■ **TRY IT**
Please set down the lines of the listing exactly, from its first line to the line with "10. Следующие имена", leaving the pictures out.

■ **SUPPLIED MATERIAL**
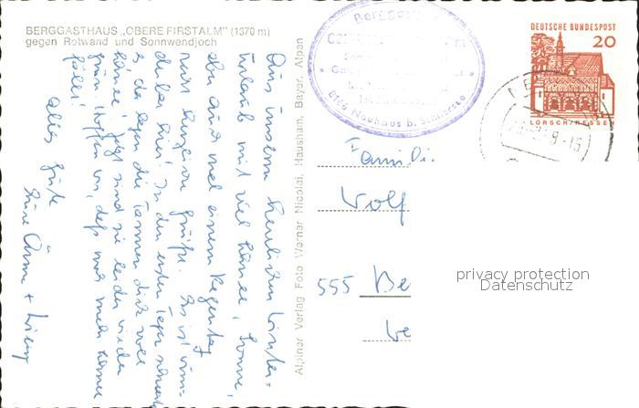 71977223 alte Postkarte Spitzingsee Berggasthaus Obere Firstalm gegen Rotwand und Sonnwendjoch Mangfallgebirge postalisch gelaufen KatCode: 11110009182131
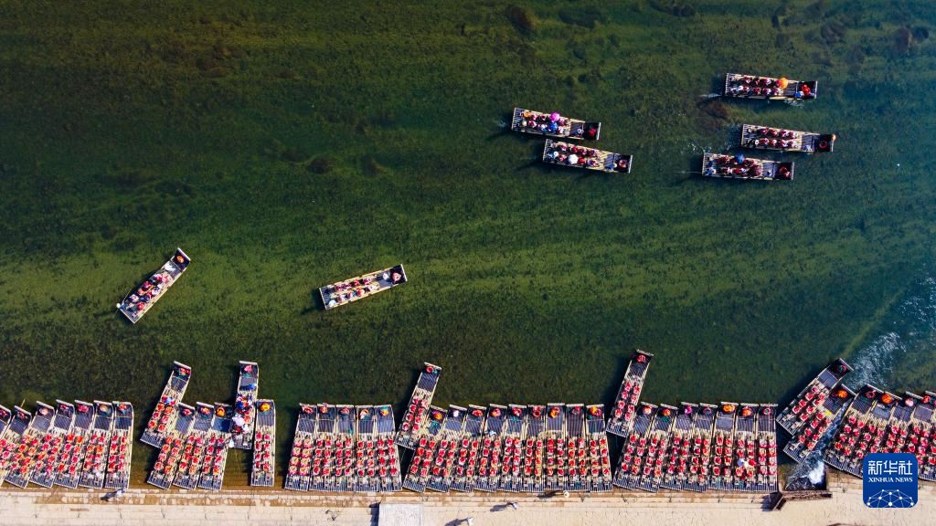 这是位于星村镇的武夷山九曲溪竹筏码头(7月10日摄,无人机照片)。这里曾经是载运武夷贡茶的古码头。新华社发(陈颖 摄)
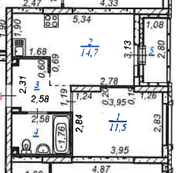 Площадь кухни 14.7 м2
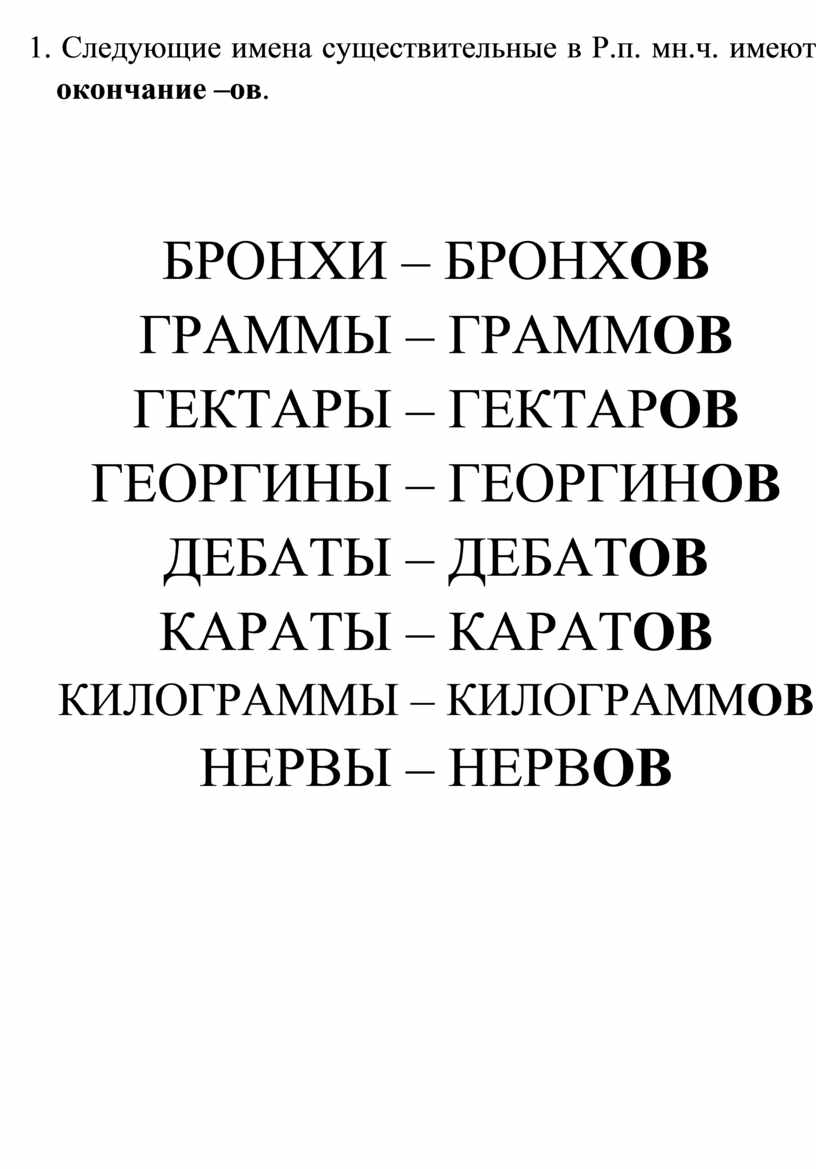 10. Следующие имена существительные в Р.п. мн.ч. имеют окончание –ов.
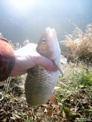 Dnes nám ani to sluníčko nepomohlo k oteplení , kosa byla pěkná . Zkoušel jsem nová místa , jelikož je dost vody . Našel jsem jedno , kam určitě při vyšší vodě budu chodit . Dokonce jsem chytil i dva kapříky Když jsem pro něj sahal , abych ho vyfotil , málem mi upadla ruka . Pak jsem nemohl deset minut nahodit , jaká mi byla zima . Pak začaly brát tloušti jako blázni . Za hodinu osm kousků . Ty už jsem jen vyhákával ve vodě .
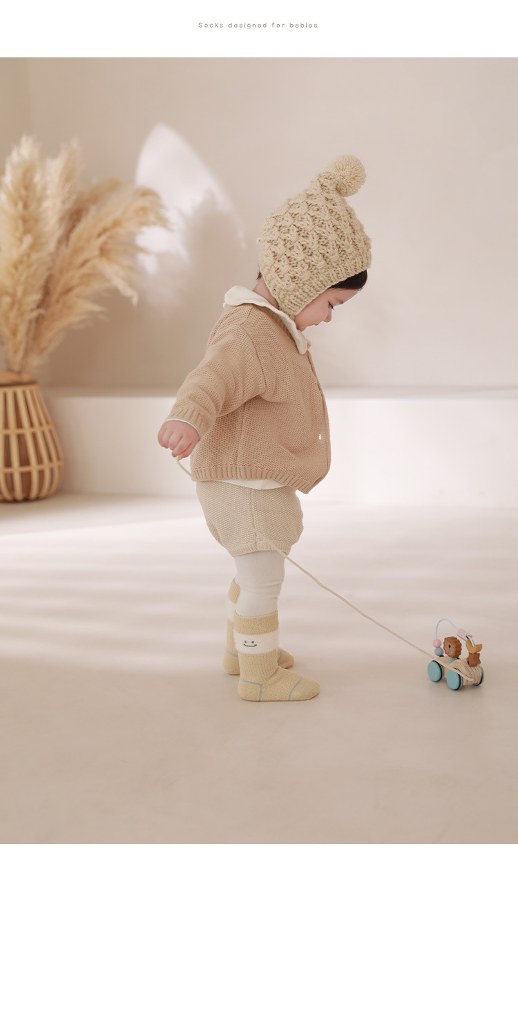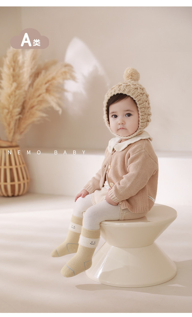 新入生の赤ちゃんの靴下は秋冬に毛輪を厚くして保温します。
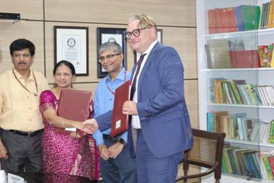 An MOU has been signed between All India Institute of Ayurveda (AIIA) under Ministry of AYUSH and Frankfurter Innovationszentrum Biotechnologie GmbH (FiZ) here today. The MoU signed by Prof. Tanuja Nesari Director AIIA and Dr Christian Garbe, Managing Director of Frankfurter Innovationszentrum Biotechnologie GmbH (FiZ), was agreed at FiZ on the occasion of the event “German/Indian knowledge exchange regarding current developments in the health care sector” by Dr Garbe with Vaidya Rajesh Kotecha, Secretary, Ministry of AYUSH, during September of this year.
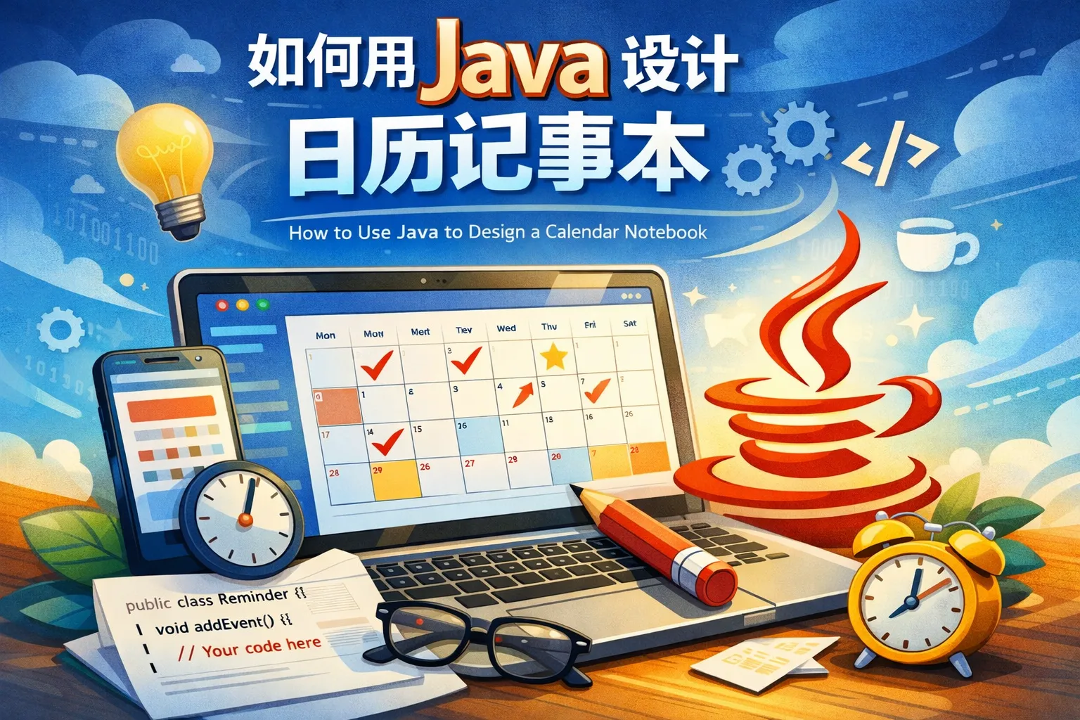 我想用Java设计一个简单的日历记事本应用,应该从哪些核心模块入手?
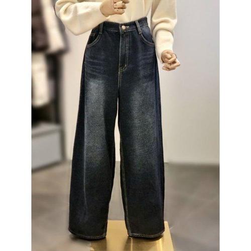 여성 스타일 완성 와이드 청바지 데님 실크 팬츠 겨울 기모 하이웨스트 탈부착 일자 면바지 힛템
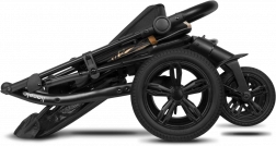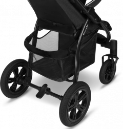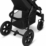 Velika brezvzdrževalna kolesa z odpornim profilom in popolnim vzmetenjem zlahka premagujejo tlakovce in neravnine. Za boljšo vodljivost sta na voljo blokada sprednjih koles in centralna nožna zavora. Z 9-stopenjsko regulacijo ročaja voziček prilagodite svoji višini. Varnost zagotavljajo 5-točkovni pasovi z mehkimi blazinicami ter odsevni elementi na strehici, varovalu in opori za noge. Voziček izpolnjuje standard EN 1888.
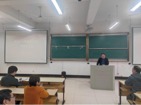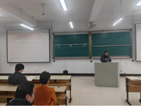 11月13日下午,微电子与数据科学学院在数理楼403室召开全院教职工大会,学院全体教职工参加会议,会议由学院党委书记汪春胜主持。
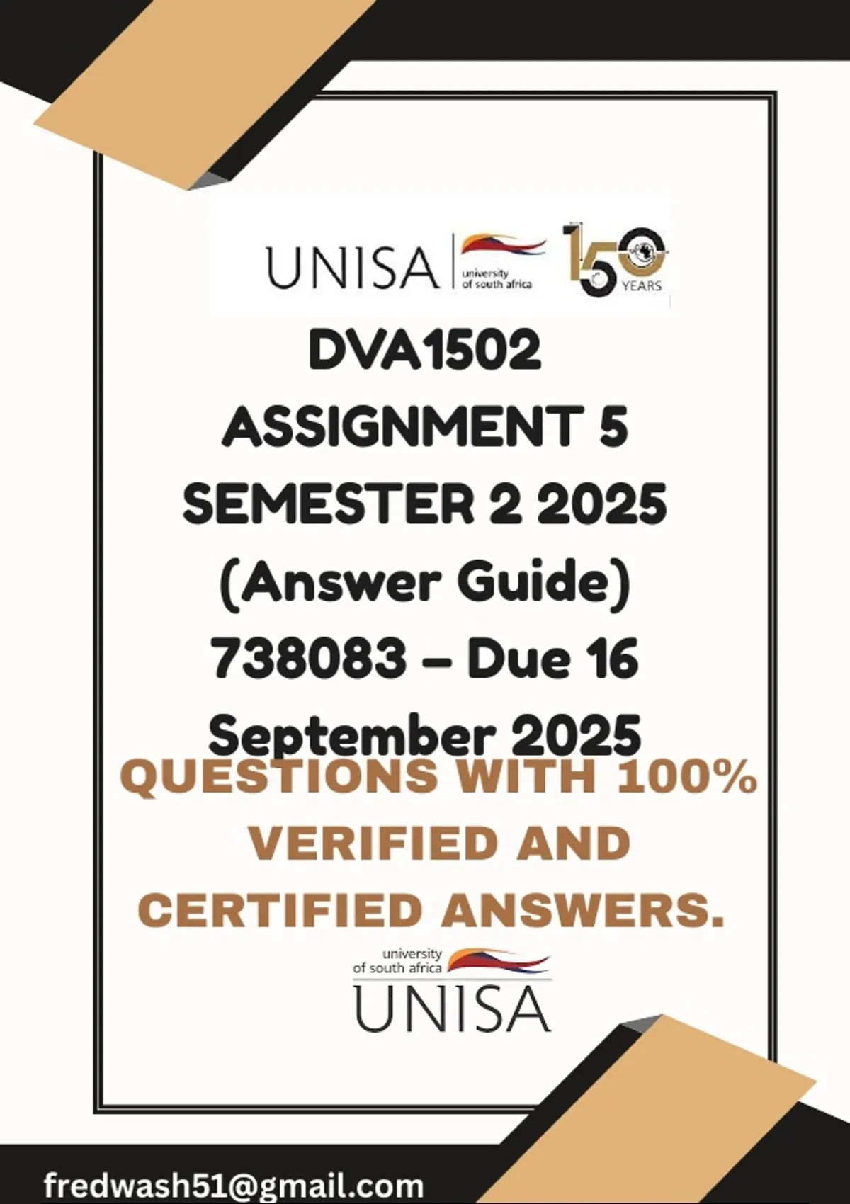 DVA1502 ASSIGNMENT 5 SEMESTER 2 2025 (Answer Guide) 738083 – Due 16

■ **EXERCISE RESPONSE**
 71977223 alte Postkarte Spitzingsee Berggasthaus Obere Firstalm gegen Rotwand und Sonnwendjoch Mangfallgebirge postalisch gelaufen KatCode: 11110009182131
 这是位于星村镇的武夷山九曲溪竹筏码头(7月10日摄,无人机照片)。这里曾经是载运武夷贡茶的古码头。新华社发(陈颖 摄)
 Площадь кухни 14.7 м2
 10. Следующие имена существительные в Р.п. мн.ч. имеют окончание –ов.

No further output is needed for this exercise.